We already learned how to use rename() to change column
names. We also learned how to rename columns from within
select(). But, this can be very inefficient if we have a
large dataset.
Let’s have a look at some new data focused on mammal lifehistories. The data are from: S. K. Morgan Ernest. 2003. Life history characteristics of placental non-volant mammals. Ecology 84:3402. link
mammals <- read_csv("data/mammal_lifehistories_v2.csv")## Rows: 1440 Columns: 13
## ── Column specification ────────────────────────────────────────────────────────
## Delimiter: ","
## chr (4): order, family, Genus, species
## dbl (9): mass, gestation, newborn, weaning, wean mass, AFR, max. life, litte...
##
## ℹ Use `spec()` to retrieve the full column specification for this data.
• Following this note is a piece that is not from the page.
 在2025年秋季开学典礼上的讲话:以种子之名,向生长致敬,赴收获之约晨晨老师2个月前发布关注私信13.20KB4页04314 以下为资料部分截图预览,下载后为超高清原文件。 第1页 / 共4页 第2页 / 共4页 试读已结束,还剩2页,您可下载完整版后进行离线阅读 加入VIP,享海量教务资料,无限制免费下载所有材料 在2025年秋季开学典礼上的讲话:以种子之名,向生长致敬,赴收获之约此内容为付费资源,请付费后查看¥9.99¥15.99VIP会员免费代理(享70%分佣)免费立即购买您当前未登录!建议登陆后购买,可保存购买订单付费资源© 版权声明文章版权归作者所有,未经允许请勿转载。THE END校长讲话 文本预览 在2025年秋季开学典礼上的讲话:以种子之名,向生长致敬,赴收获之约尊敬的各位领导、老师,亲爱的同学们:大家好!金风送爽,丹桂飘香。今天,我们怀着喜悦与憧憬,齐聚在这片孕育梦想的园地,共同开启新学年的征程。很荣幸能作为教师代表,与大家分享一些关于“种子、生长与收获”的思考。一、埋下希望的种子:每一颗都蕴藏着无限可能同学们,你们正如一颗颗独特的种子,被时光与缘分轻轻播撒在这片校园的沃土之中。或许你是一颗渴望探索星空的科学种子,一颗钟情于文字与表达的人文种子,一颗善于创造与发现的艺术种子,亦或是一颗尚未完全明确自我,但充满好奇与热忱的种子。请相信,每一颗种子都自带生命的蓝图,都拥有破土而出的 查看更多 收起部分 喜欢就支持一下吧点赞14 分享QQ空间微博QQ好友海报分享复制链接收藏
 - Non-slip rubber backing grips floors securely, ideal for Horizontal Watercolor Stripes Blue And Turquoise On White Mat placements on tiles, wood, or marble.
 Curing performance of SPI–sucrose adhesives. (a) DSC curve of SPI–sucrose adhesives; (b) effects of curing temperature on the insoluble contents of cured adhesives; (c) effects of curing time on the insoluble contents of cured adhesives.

## ℹ Specify the column types or set `show_col_types = FALSE` to quiet this message.What is the structure of the data? Are there any NA’s or other issues?
glimpse(mammals)## Rows: 1,440
## Columns: 13
## $ order <chr> "Artiodactyla", "Artiodactyla", "Artiodactyla", "Artiod…
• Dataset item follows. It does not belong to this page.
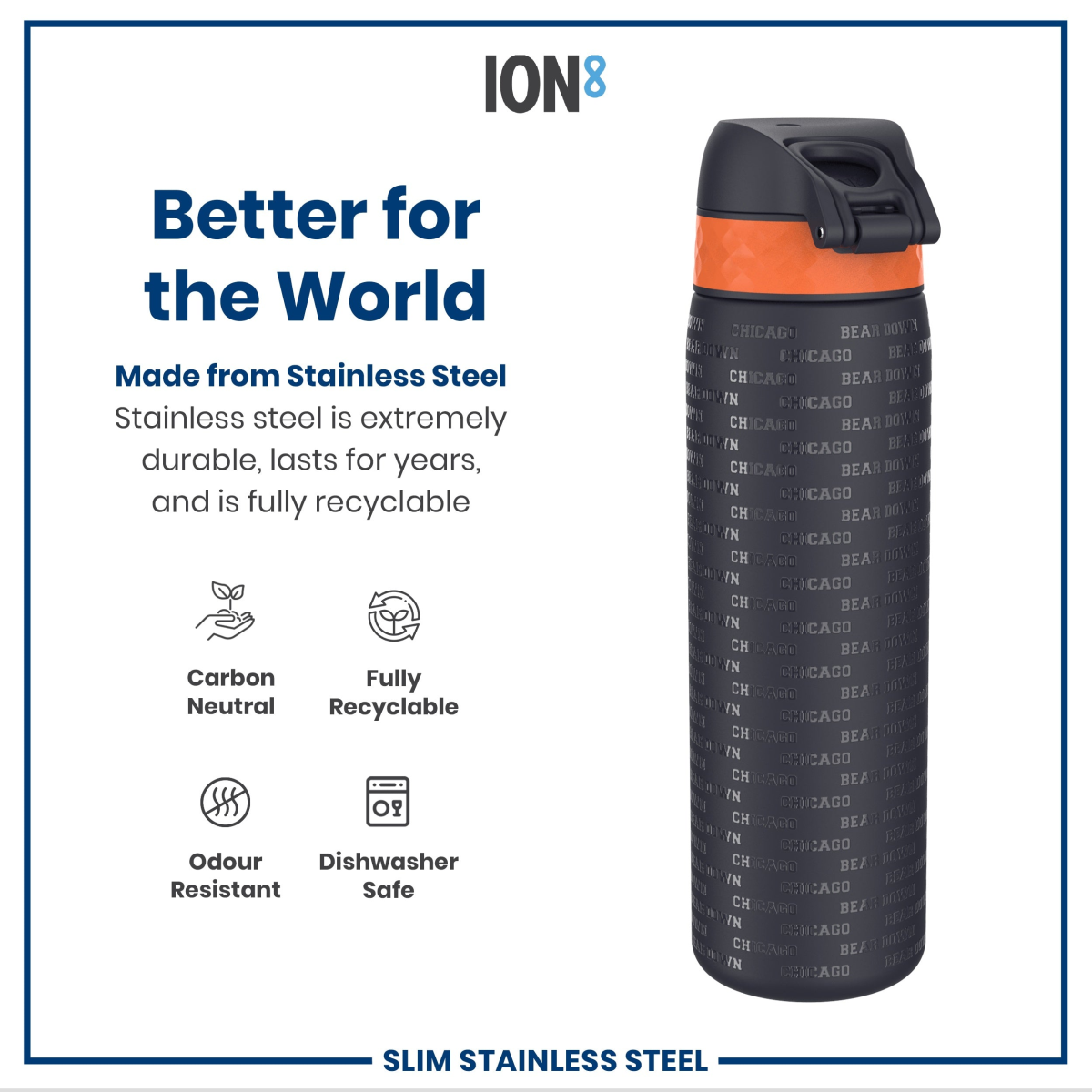 Leak Proof NFL Water Bottle, Stainless Steel, Chicago Bears, 600ml (20oz)

## $ family <chr> "Antilocapridae", "Bovidae", "Bovidae", "Bovidae", "Bov…
## $ Genus <chr> "Antilocapra", "Addax", "Aepyceros", "Alcelaphus", "Amm…
## $ species <chr> "americana", "nasomaculatus", "melampus", "buselaphus",…
## $ mass <dbl> 45375.0, 182375.0, 41480.0, 150000.0, 28500.0, 55500.0,…
## $ gestation <dbl> 8.13, 9.39, 6.35, 7.90, 6.80, 5.08, 5.72, 5.50, 8.93, 9…
## $ newborn <dbl> 3246.36, 5480.00, 5093.00, 10166.67, -999.00, 3810.00, …
## $ weaning <dbl> 3.00, 6.50, 5.63, 6.50, -999.00, 4.00, 4.04, 2.13, 10.7…
## $ `wean mass` <dbl> 8900, -999, 15900, -999, -999, -999, -999, -999, 157500…
## $ AFR <dbl> 13.53, 27.27, 16.66, 23.02, -999.00, 14.89, 10.23, 20.1…
## $ `max. life` <dbl> 142, 308, 213, 240, -999, 251, 228, 255, 300, 324, 300,…
## $ `litter size` <dbl> 1.85, 1.00, 1.00, 1.00, 1.00, 1.37, 1.00, 1.00, 1.00, 1…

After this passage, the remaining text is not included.